The problem: Beginning at the line that contains "Obsah 1 sáčku" and finishing at the line that contains "El Sábado 5", output the data below exactly. Include both end lines and no pictures.

*** Records to use ***

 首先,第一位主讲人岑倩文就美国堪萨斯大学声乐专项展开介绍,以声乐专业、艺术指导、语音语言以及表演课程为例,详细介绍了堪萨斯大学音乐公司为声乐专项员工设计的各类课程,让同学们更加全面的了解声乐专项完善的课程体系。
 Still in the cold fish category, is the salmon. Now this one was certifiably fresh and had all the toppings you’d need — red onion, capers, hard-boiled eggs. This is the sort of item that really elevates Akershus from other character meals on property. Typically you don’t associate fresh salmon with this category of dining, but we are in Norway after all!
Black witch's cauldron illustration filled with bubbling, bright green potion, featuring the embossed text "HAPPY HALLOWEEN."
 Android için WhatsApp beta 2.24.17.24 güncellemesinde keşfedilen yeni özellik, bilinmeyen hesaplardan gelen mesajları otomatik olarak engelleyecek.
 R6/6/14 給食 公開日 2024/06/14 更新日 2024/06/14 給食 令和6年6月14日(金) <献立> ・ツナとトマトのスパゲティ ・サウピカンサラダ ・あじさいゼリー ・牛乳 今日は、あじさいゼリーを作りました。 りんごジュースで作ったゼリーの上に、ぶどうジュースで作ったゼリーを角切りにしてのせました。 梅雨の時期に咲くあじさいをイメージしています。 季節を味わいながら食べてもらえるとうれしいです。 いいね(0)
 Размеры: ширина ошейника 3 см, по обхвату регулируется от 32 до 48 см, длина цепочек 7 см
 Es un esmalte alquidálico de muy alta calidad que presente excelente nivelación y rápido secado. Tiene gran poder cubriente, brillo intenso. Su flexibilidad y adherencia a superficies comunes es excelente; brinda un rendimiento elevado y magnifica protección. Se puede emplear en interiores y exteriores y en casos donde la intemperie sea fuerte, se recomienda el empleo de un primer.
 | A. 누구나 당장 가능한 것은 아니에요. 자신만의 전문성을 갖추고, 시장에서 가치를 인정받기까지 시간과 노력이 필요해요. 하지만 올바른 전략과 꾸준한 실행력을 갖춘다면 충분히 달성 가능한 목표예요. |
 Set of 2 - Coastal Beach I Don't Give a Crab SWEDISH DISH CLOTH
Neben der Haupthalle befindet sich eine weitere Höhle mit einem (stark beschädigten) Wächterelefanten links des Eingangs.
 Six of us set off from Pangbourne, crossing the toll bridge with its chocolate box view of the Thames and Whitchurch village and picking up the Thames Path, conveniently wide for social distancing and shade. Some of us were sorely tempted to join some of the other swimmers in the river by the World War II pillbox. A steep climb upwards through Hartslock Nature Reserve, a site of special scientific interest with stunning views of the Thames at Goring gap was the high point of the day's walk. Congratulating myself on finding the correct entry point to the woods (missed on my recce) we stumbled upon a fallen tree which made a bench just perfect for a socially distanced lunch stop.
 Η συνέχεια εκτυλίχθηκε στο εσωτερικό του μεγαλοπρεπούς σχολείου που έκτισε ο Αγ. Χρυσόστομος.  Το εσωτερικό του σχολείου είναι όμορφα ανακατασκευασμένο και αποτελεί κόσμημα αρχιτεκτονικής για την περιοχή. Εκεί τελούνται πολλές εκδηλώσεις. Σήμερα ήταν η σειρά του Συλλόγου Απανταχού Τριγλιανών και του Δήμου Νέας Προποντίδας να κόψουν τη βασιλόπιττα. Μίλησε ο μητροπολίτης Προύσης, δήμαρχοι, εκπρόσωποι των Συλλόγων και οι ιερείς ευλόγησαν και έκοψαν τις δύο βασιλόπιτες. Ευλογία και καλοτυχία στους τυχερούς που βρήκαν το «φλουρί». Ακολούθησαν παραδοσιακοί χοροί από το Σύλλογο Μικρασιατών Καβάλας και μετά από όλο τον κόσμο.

*** End of Records to use ***
*** Records to use ***

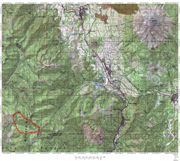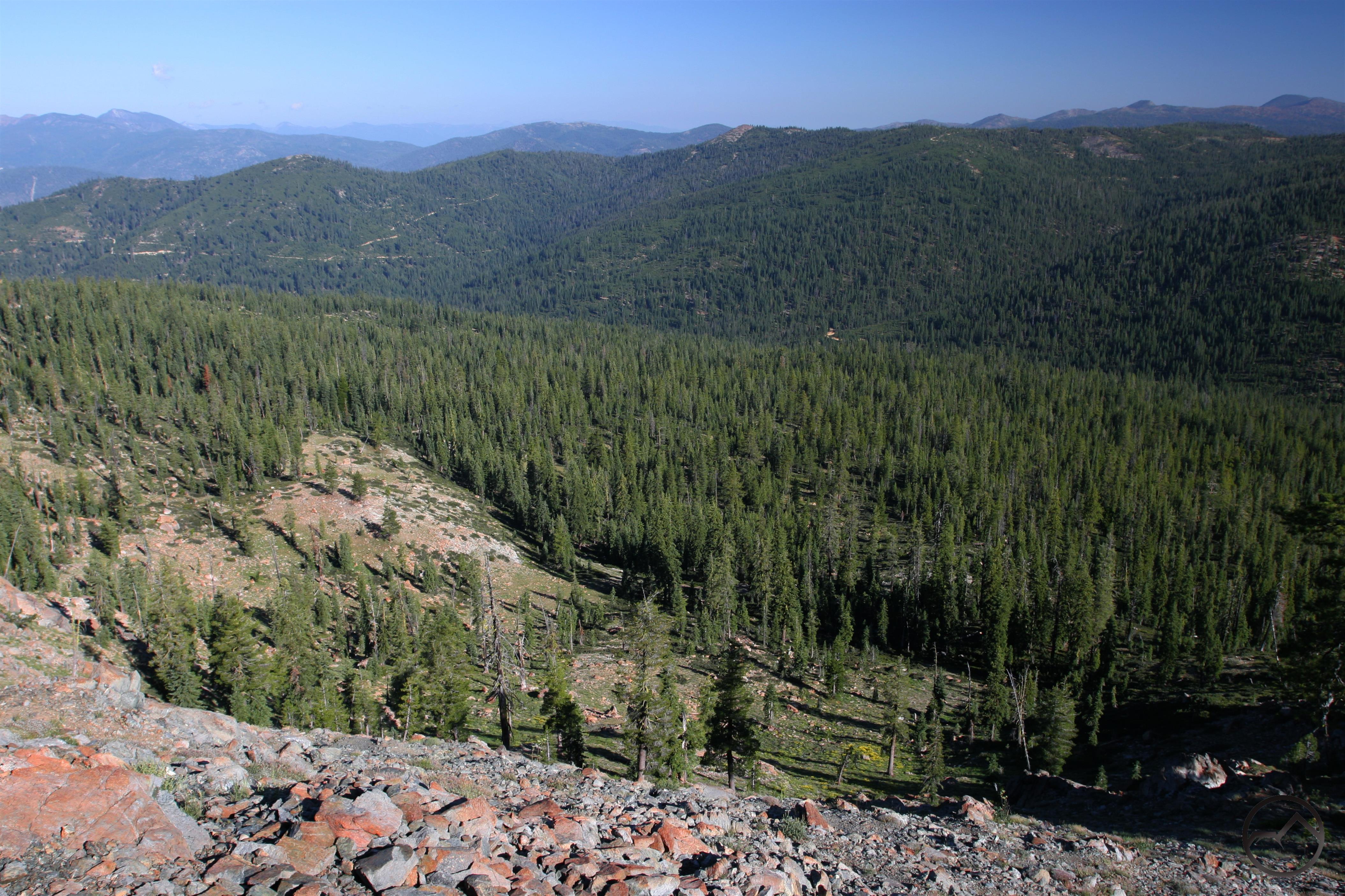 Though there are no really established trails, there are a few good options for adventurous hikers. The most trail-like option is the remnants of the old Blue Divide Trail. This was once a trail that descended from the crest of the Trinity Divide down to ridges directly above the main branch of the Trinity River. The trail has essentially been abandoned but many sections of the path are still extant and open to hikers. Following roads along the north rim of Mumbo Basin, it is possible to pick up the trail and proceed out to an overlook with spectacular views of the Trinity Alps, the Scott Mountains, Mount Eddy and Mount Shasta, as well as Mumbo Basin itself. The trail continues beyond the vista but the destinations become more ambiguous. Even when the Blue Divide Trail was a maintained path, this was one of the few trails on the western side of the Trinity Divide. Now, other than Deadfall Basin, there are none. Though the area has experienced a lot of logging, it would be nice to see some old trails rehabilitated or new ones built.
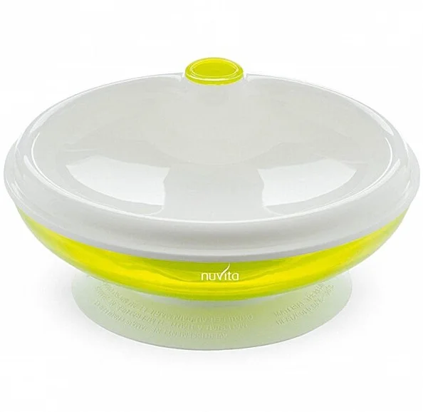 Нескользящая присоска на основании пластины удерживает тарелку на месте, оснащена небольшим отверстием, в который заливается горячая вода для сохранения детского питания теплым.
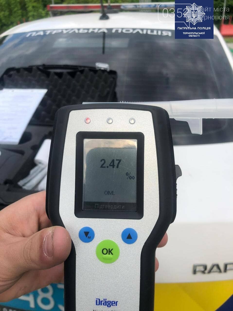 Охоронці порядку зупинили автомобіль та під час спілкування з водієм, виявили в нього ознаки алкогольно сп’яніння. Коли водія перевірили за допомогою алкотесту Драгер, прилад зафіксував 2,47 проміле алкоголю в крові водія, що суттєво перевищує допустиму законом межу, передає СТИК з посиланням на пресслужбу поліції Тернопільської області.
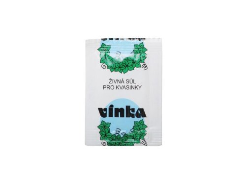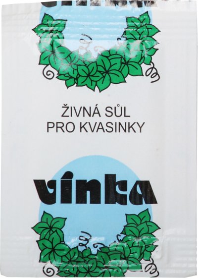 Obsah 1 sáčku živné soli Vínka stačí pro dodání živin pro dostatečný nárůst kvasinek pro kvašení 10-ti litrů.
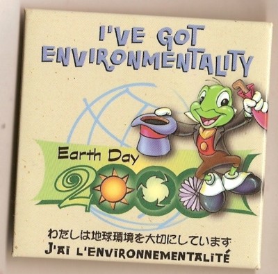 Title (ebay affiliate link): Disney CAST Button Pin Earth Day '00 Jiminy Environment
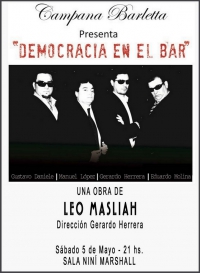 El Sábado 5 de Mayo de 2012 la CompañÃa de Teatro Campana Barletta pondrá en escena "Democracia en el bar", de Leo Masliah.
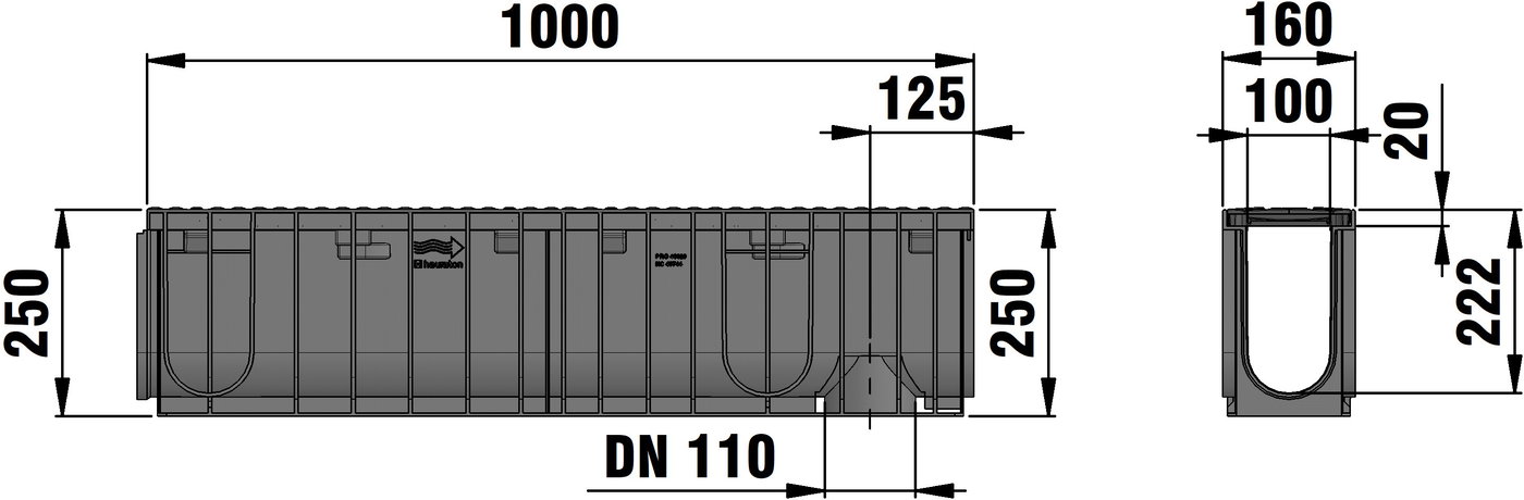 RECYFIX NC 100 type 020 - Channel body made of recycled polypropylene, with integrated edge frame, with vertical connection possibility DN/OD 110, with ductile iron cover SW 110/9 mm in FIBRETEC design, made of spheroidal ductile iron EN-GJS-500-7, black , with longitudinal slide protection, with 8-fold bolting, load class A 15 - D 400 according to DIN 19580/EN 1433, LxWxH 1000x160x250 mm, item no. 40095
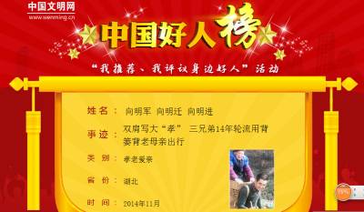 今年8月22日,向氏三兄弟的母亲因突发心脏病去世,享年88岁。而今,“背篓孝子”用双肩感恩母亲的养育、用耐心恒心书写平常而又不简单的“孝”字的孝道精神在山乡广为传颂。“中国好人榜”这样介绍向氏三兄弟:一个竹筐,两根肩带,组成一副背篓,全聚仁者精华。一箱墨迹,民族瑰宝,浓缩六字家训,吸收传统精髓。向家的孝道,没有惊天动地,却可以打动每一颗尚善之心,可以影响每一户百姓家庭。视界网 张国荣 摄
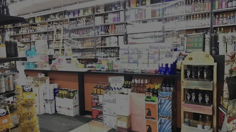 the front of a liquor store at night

*** End of Records to use ***

Solution to this task:
 Obsah 1 sáčku živné soli Vínka stačí pro dodání živin pro dostatečný nárůst kvasinek pro kvašení 10-ti litrů.
 Title (ebay affiliate link): Disney CAST Button Pin Earth Day '00 Jiminy Environment
 El Sábado 5 de Mayo de 2012 la CompañÃa de Teatro Campana Barletta pondrá en escena "Democracia en el bar", de Leo Masliah.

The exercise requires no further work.